Taliban’s escalating military offensive in Afghanistan
The Taliban's recent attacks upon and capture of key provincial capitals reflects a hardening of its negotiation strategy to demand the formation of an interim government.
The attacks also represent a violation of the Taliban's agreements with the United States in the February 2020 peace deal. Initial Taliban commitments to not target these cities were probably intended as leverage against a potentially protracted timeline of the withdrawal of US troops. With the withdrawal now expected by the end of August - although the official date is 11 September - the Taliban calculates that an expedited timeline for intensifying its offensives would probably force Afghan President Ashraf Ghani to resign and allow for an interim government that it would dominate, which is a key Taliban demand for a ceasefire. The attacks, however, are unlikely to represent a broader shift in Taliban intent to take control of the country militarily, even if it has the capability to do so as the Taliban is wary of internationally delegitimising the resultant government. A key indicator of shifting Taliban strategy would be its attempts to forcibly destabilise the Afghan government and its representatives in Kabul. For instance, the Taliban claimed the assassination of the director of Afghanistan's media centre, Dawa Khan Manepal, in Kabul on 6 August.

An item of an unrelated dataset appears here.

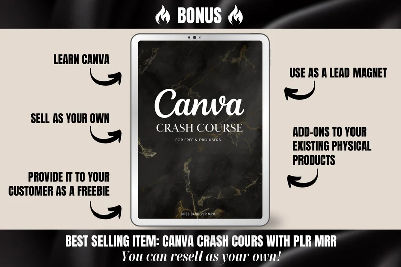 Boss Babe PLR MRR are now offering FREE Canva Crash Course – another best selling product – so you can learn Canva and also resell it as your own.🤯

Afghan forces successfully resisting the Taliban in these cities would be a key indicator of President Ghani's options to delay a Taliban-dominated interim government.
Afghan security forces have a numerical advantage over the Taliban, although their morale is very likely to be challenged even further, given the Taliban's recent capture of provincial capitals. While Ghani's government is prioritizing major population centers holding these cities would be key to boosting government forces' morale, and would also allow Ghani to not yield to Taliban demands for the interim government. Security forces' morale would likely be further aided by civilian support.
Even if the Taliban takes military control of provincial capitals with bigger populations, it is unlikely that the group intends to establish alternate local governance structures.
For the abovementioned reasons of seeking a political resolution and forming a legitimate international government based in Kabul - outside of smaller cities like Zaranj and Sheberghan - should the Taliban come to control bigger population centers like Lashkar Gah, Herat, and/or Kandahar, this is unlikely to be followed by the establishment of alternate local governance structures. The group's capture of these cities would potentially be temporary depending on the Afghan forces' capability to retake them, particularly given the Taliban's broader objectives. The Taliban's current focus is on controlling supply chains and reducing revenue-generation avenues for the Afghan government, particularly import duties. A Ministry of Finance spokesperson said on 5 August that revenues from collection of these duties for the government had fallen from USD91 million in June to USD58 million in July after the Taliban took control of at least eight of 14 cross-border posts. These include Islam Qala, Spin Boldak, Wesh, and Ay Khanum, where the Taliban has now reportedly imposed its own tariffs on cross-border trade of goods.